Short description: A curated image dataset of Indonesian Rupiah banknotes (Rp1,000 – Rp100,000) in JPG format, photographed by M. Kaspul Anwar, Muhammad Lutfan, and Andri Rahmadani, for Machine Learning and Computer Vision research and experiments.


Support Us with Bitcoin

🔍 What is this?

This repository contains a labeled collection of images of Indonesian banknotes organized by denomination. All images are in JPG format and were photographed by our dataset team. The dataset was prepared for tasks such as image classification, object detection, recognition, and other computer vision experiments using deep learning or classical ML.

Denominations included: 1k, 2k, 5k, 10k, 20k, 50k, 100k, and a mix folder for miscellaneous or combined images.

Primary goals:

  • Provide a simple, well-structured dataset for academic research and prototyping.
  • Make replication and benchmarking of currency-recognition models easier.
  • Encourage responsible use and clarity about dataset provenance and license.

✅ Use cases

  • Image classification: recognize which denomination appears in an image.
  • Object detection: locate banknotes in complex scenes.
  • Segmentation / OCR: crop and extract text/serial numbers (if available and permitted).
  • Transfer learning & benchmarking: experiments with CNNs, MobileNet, ResNet, EfficientNet, etc.
  • Education: teaching CV pipelines end-to-end from data to model to deployment.
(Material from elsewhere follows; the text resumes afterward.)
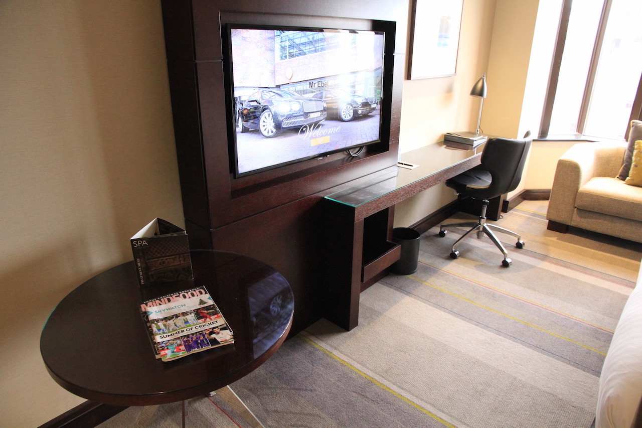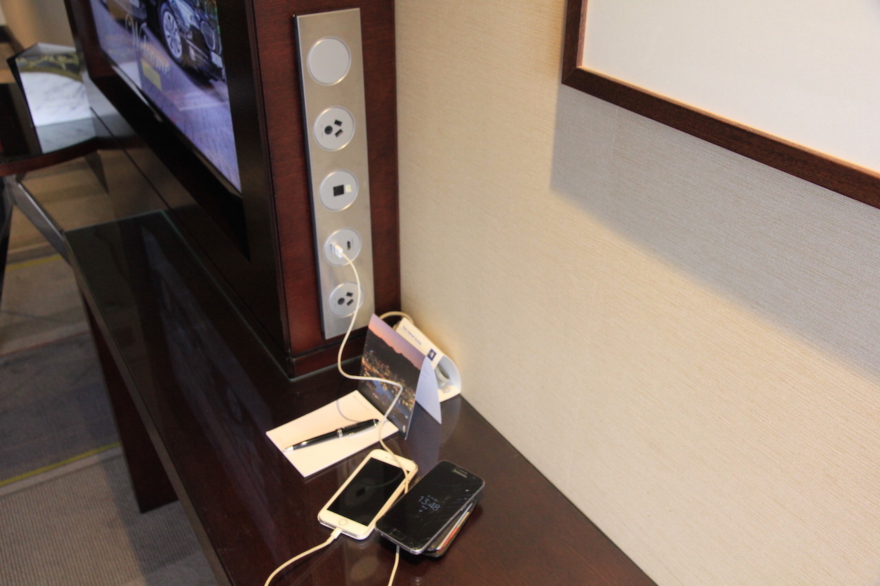 Gegenüber vom Bett befindet sich ein Fernseher sowie ein Schreibtisch. Daneben wiederrum ein kleiner Tisch, den wir als Ablage nutzten. Gut fand ich, dass neben dem Fernseher eine ganze Reihe and Steckdosen und USB Anschlüsse (für den Fernseher) waren. Hier kann man bequem seine Geräte laden.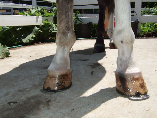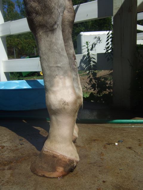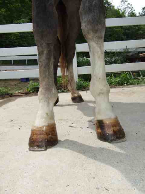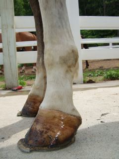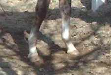 Posted on Tuesday, Jan 1, 2008 - 4:06 pm: One bad thing I have noticed since being on this diet change is he has started to eat his manure. He is out by himself and is getting more hay than previous... I dont know if it is because he is a colt or because of the oats or due to some of the other reasons I read about on this board. Anyway, here are some pics from my cell phone. Although they do not look normal, they are much improved from a few weeks ago when he was back to knuckling on the left which he is not doing at all anymore, and it is the first time in a long time that he has not knuckled with his toe extensions off. I dont want to get to complicated, but in all my perusing about this I saw where some felt natural balance shoes would help, opinions?:Left Right

📁 Dataset structure (recommended)

rupiah-banknotes-dataset/
├── README.md
├── LICENSE
├── data/
│   ├── 1k/            # JPG images of Rp1,000
│   ├── 2k/            # JPG images of Rp2,000
│   ├── 5k/
│   ├── 10k/
│   ├── 20k/
│   ├── 50k/
│   ├── 100k/
│   └── mix/           # mixed/crowd JPG images or images containing multiple notes
├── scripts/
│   ├── split_dataset.py    # create train/val/test splits
│   └── stats.py            # compute per-class counts & basic stats
└── examples/
    ├── pytorch_example.ipynb
    └── tensorflow_example.ipynb

File formats & naming:

  • Images are stored in JPG format.
  • Filenames should be unique and, optionally, encode metadata (e.g. 20k_studio_001.jpg).
  • Avoid embedding personal data or location metadata in filenames.

⚙️ How to use this dataset

1) Clone the repository

git clone https://github.com/<your-username>/rupiah-banknotes-dataset.git
cd rupiah-banknotes-dataset

If the dataset contains large files, consider hosting the images on a release, Zenodo, or cloud storage (Google Drive, S3) and keeping the repo lightweight. Use Git LFS for versioning large binaries if you intend to push images to GitHub.
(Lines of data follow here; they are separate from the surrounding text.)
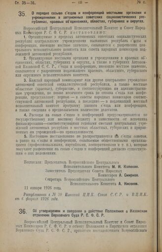 Декрет Всероссийского Центрального Исполнительного Комитета и Совета Народных Комиссаров. Об утверждении и введении в действие Положения о Казанском отделении Верховного Суда Р.С.Ф.С.Р. 18 января 1926 года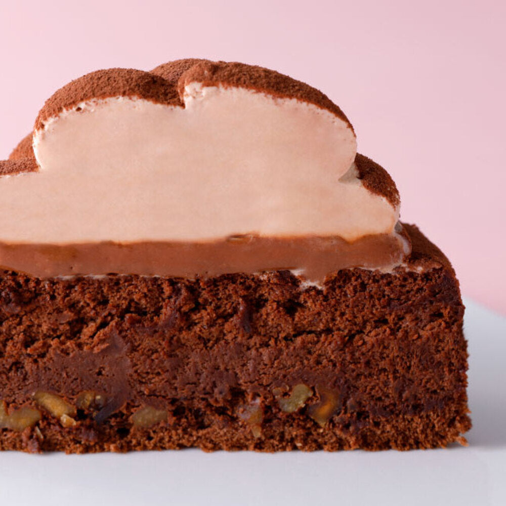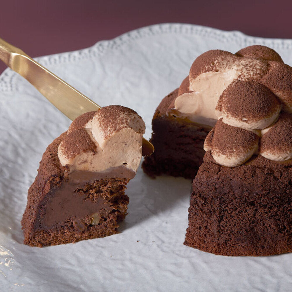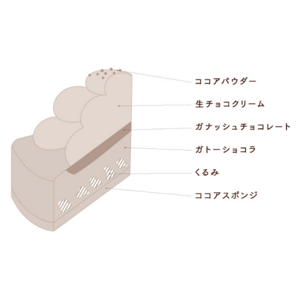 香ばしいくるみをアクセントにしっとりと焼き上げたガトーショコラとなめらかなガナッシュチョコレートのずっしり濃厚な味わいに、軽い口どけの生チョコクリームを一緒にお召し上がりいただくことで、それぞれの味わいが一体となり絶妙なハーモニーを奏でます。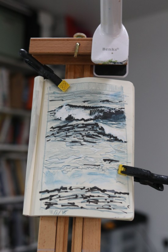 There were some things I was really struggling to capture when I was painting outside. The sea keeps moving! So from the numerous photos I’d taken, I painted a study of the ways, white horses and wet sand, the points of interest. I started off with a purple underpainting as I accidentally got purple on […]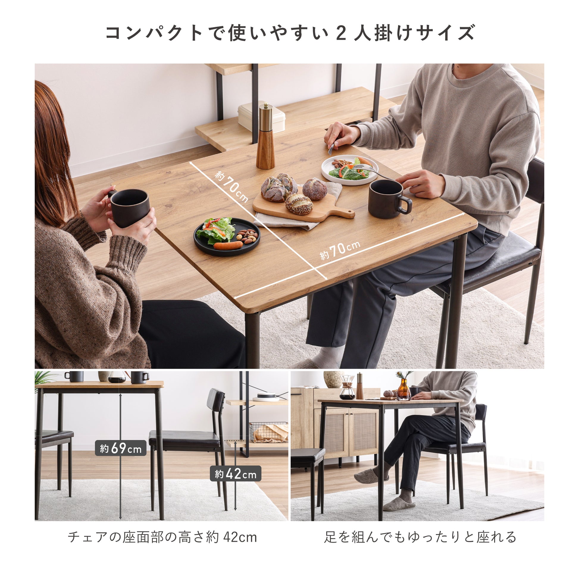 幅約70×奥行き約70cmの天板でダイニングテーブルとしてはもちろん、デスクワーク用のデスクとしてお使いいただけます。PC作業や読書などコンパクトサイズでお部屋の省スペースに配置できます。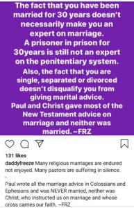 He stated that being single or divorced also doesn’t disqualify people from giving marital advice.

2) Install common Python dependencies

python -m venv venv && source venv/bin/activate    # linux/mac
# windows: python -m venv venv && venv\Scripts\activate
pip install --upgrade pip
pip install numpy pillow matplotlib torchvision tensorflow

3) Load data with PyTorch (ImageFolder)

from torchvision import datasets, transforms
from torch.utils.data import DataLoader

transform = transforms.Compose([
    transforms.Resize((224,224)),
    transforms.ToTensor(),
])

data = datasets.ImageFolder('data/train', transform=transform)
dataloader = DataLoader(data, batch_size=32, shuffle=True)

# class_to_idx: {'1k':0, '2k':1, ...}
print(data.class_to_idx)

4) Load data with TensorFlow (tf.data)

import tensorflow as tf

dataset = tf.keras.utils.image_dataset_from_directory(
    'data/train',
    image_size=(224,224),
    batch_size=32,
)

for images, labels in dataset.take(1):
    print(images.shape, labels.shape)

5) Creating train / val / test splits

Use scripts/split_dataset.py (example):

# simple script idea (not full code):
# - iterate through each class folder
# - shuffle file list
# - move 70%->train, 15%->val, 15%->test

(See scripts/split_dataset.py for a ready-to-run implementation.)
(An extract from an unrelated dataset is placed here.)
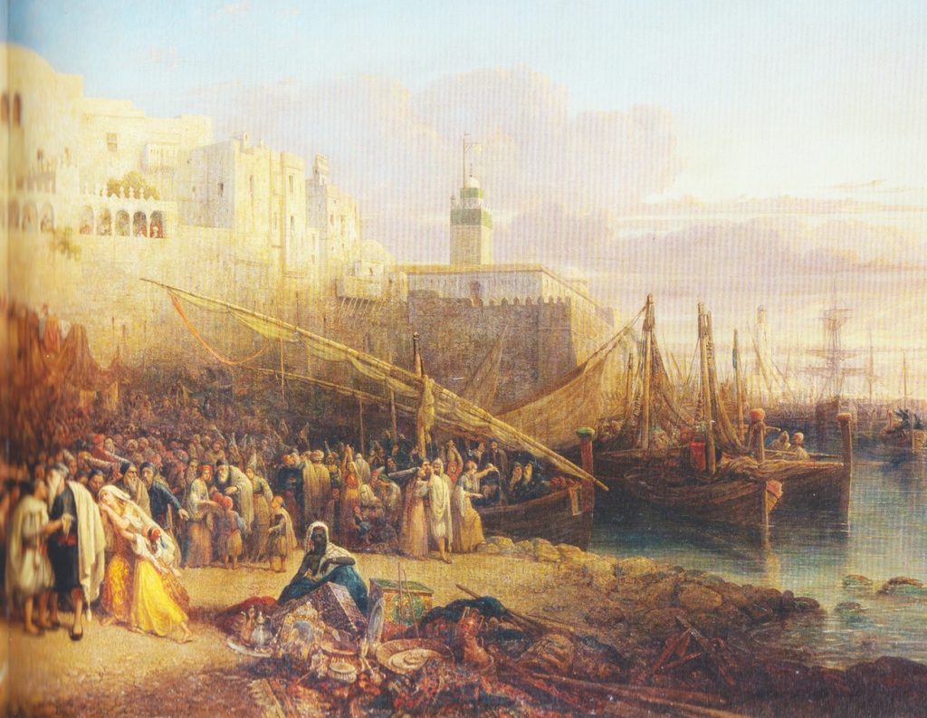 Peinte par l’artiste britannique William Wyld, cette toile représente le départ d’Algériens — juifs et musulmans — en 1830, fuyant l’avancée des troupes françaises vers la Palestine. À travers cette scène d’exil, Wyld saisit l’un des premiers bouleversements humains provoqués par la conquête coloniale de l’Algérie.

🧰 Example: quick preprocessing tips

  • Resize to a fixed size (e.g., 224×224) or keep aspect ratio and pad.
  • Normalize using ImageNet mean/std if using pre-trained models.
  • Data augmentation: random crop, horizontal flip (careful: flipping may alter features), brightness/contrast jitter, rotation.
  • Class imbalance: use class weights, oversampling, or augmentation for under-represented denominations.

📊 Dataset statistics

Include a script (scripts/stats.py) that computes:

  • number of images per class
  • total image count
  • average resolution

Note: If you share the dataset publicly, include an up-to-date table of per-class counts here.


⚖️ License & Terms

This dataset is released under the MIT License. By using the dataset you agree to follow the terms in LICENSE.

If you prefer a different license for datasets (e.g., CC0 / CC BY 4.0), replace the LICENSE file accordingly. The README includes the MIT choice as the default for code and scripts in the repo.


🧾 Citation

If you use this dataset in academic work, please cite the repository. Suggested citation:

@misc{rupiah-banknotes-dataset,
  author = {M. Kaspul Anwar and Muhammad Lutfan and Andri Rahmadani},
  title = {Rupiah Banknotes Dataset},
  year = {2025},
  howpublished = {\url{https://github.com/<your-username>/rupiah-banknotes-dataset}},
}

Replace the URL with your repository link.


🛡️ Ethics & Responsible Use

Please follow these rules when using the dataset:

  1. Legality: Ensure your use complies with local and national laws concerning currency images. Some jurisdictions limit reproduction of banknote images — check legal constraints before redistribution or commercial use.

  2. No counterfeiting: This dataset must not be used for counterfeiting, fraud, or any illegal financial activity. Models trained on this dataset should not be used to produce realistic images or printed copies of currency.

  3. Privacy: If any photo contains identifiable people, personal possessions, or private property, obtain consent or blur faces before sharing publicly. Do not include personal data or private information.

  4. Attribution: If you publish results using this dataset, give proper credit to this repository (see Citation section above).

  5. Sensitive uses: Avoid deploying models in high-stakes settings (e.g., automated financial systems) without thorough testing and safeguards.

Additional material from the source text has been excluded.